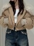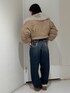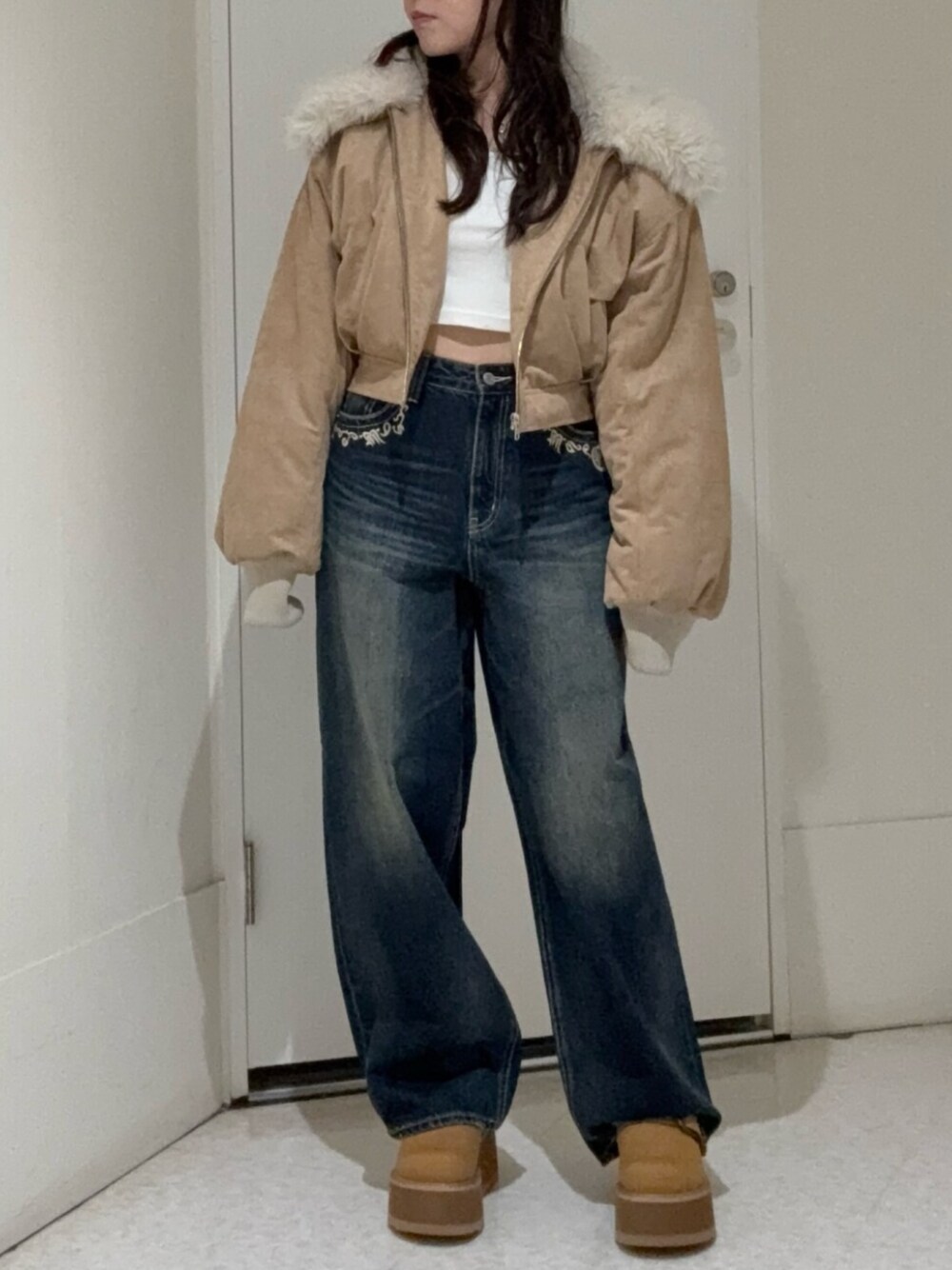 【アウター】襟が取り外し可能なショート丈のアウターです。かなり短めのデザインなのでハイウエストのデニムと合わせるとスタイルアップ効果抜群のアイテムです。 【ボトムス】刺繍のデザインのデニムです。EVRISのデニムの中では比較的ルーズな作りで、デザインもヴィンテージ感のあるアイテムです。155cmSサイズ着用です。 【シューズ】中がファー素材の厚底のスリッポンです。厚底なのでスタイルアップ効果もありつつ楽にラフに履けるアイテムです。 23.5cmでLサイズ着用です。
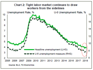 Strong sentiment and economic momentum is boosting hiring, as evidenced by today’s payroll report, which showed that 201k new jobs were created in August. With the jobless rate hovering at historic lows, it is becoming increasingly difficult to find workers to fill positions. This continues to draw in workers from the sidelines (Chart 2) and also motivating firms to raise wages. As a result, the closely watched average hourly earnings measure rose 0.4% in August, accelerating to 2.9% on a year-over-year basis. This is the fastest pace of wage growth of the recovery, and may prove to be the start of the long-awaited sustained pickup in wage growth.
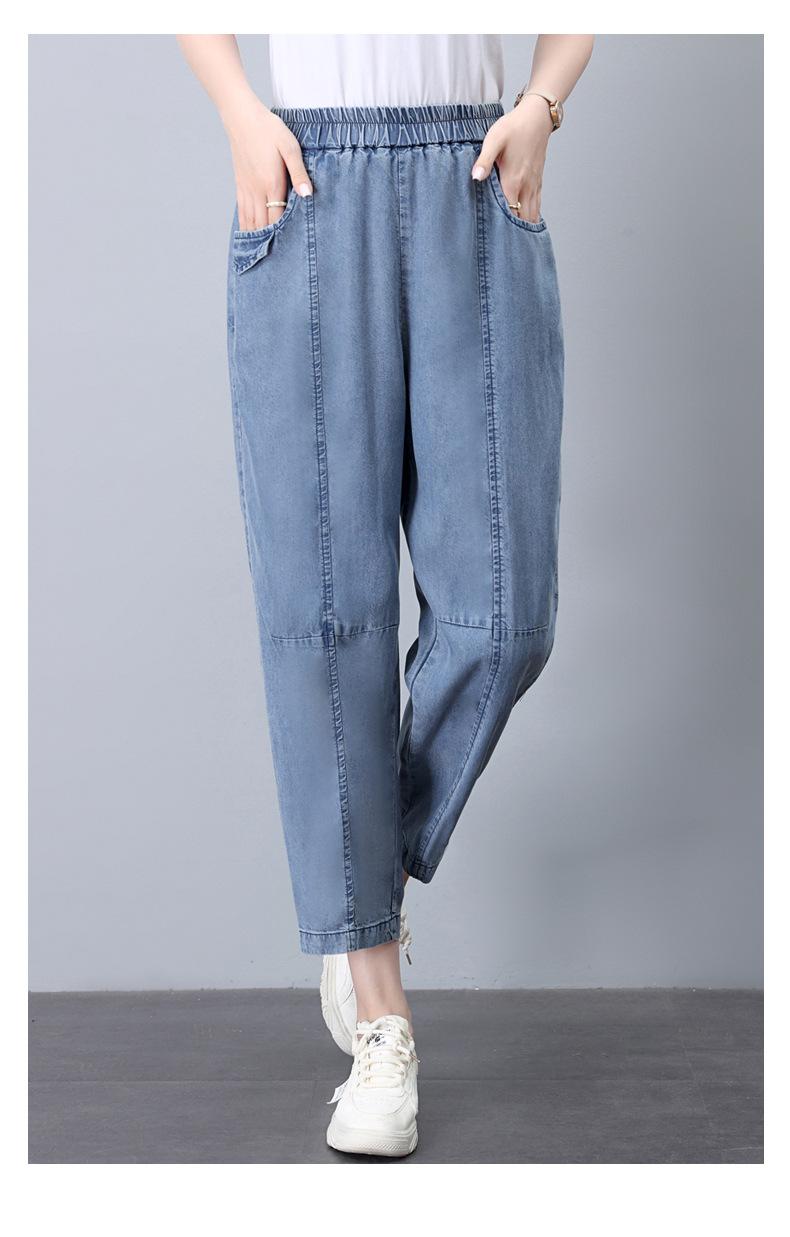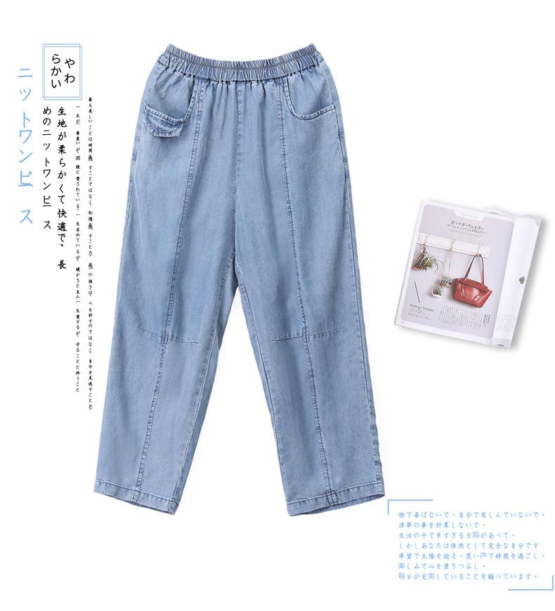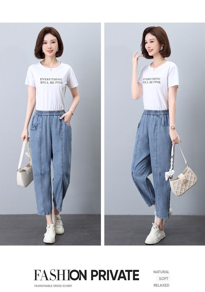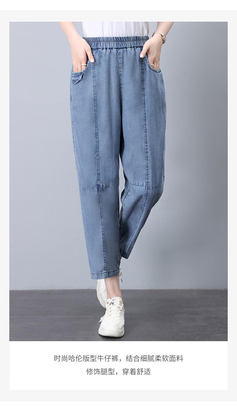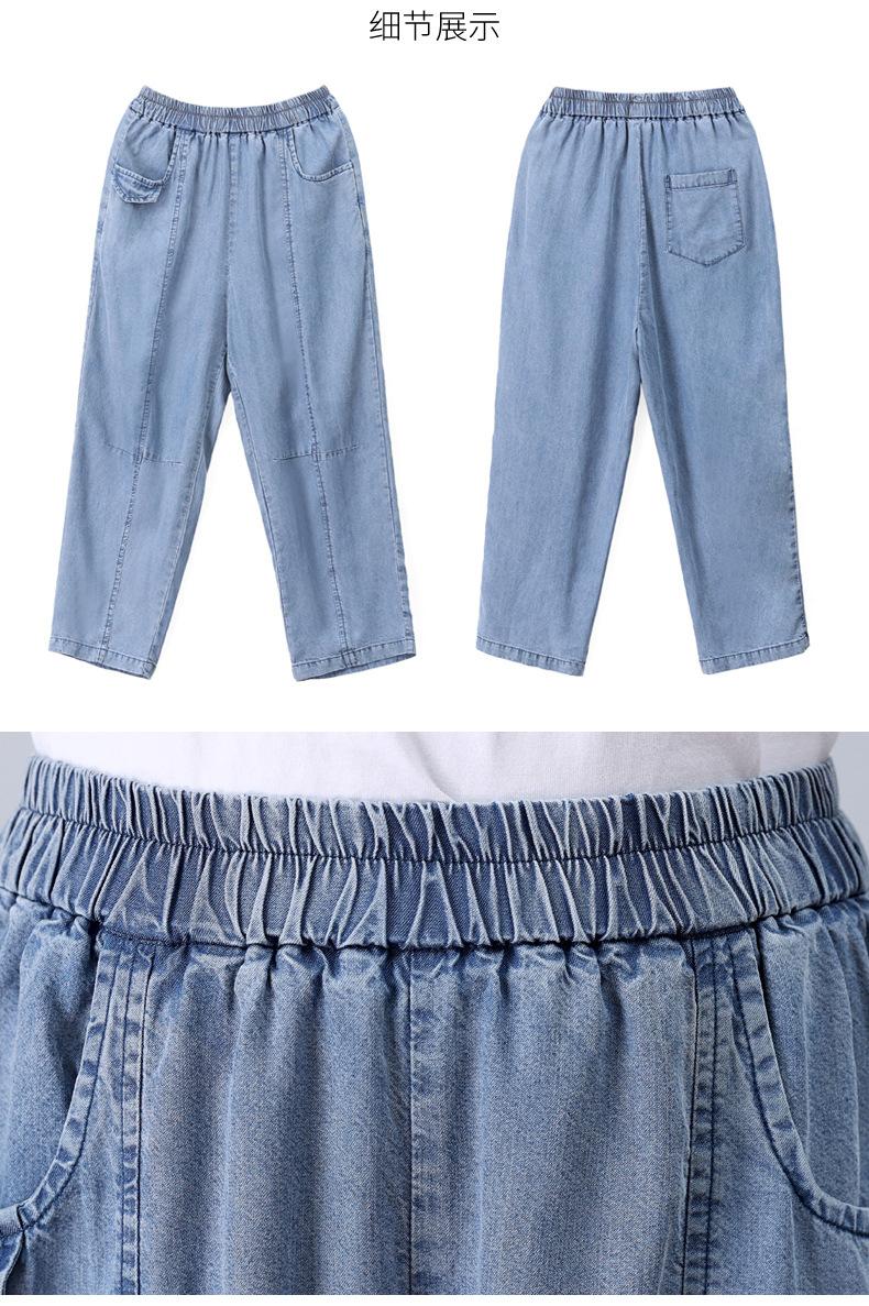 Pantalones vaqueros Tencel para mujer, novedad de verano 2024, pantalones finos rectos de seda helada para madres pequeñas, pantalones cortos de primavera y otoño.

- - - -

The answer should consist of every line above, exact and free of images.

#### [Written answer]
 【アウター】襟が取り外し可能なショート丈のアウターです。かなり短めのデザインなのでハイウエストのデニムと合わせるとスタイルアップ効果抜群のアイテムです。 【ボトムス】刺繍のデザインのデニムです。EVRISのデニムの中では比較的ルーズな作りで、デザインもヴィンテージ感のあるアイテムです。155cmSサイズ着用です。 【シューズ】中がファー素材の厚底のスリッポンです。厚底なのでスタイルアップ効果もありつつ楽にラフに履けるアイテムです。 23.5cmでLサイズ着用です。
 Strong sentiment and economic momentum is boosting hiring, as evidenced by today’s payroll report, which showed that 201k new jobs were created in August. With the jobless rate hovering at historic lows, it is becoming increasingly difficult to find workers to fill positions. This continues to draw in workers from the sidelines (Chart 2) and also motivating firms to raise wages. As a result, the closely watched average hourly earnings measure rose 0.4% in August, accelerating to 2.9% on a year-over-year basis. This is the fastest pace of wage growth of the recovery, and may prove to be the start of the long-awaited sustained pickup in wage growth.
 Pantalones vaqueros Tencel para mujer, novedad de verano 2024, pantalones finos rectos de seda helada para madres pequeñas, pantalones cortos de primavera y otoño.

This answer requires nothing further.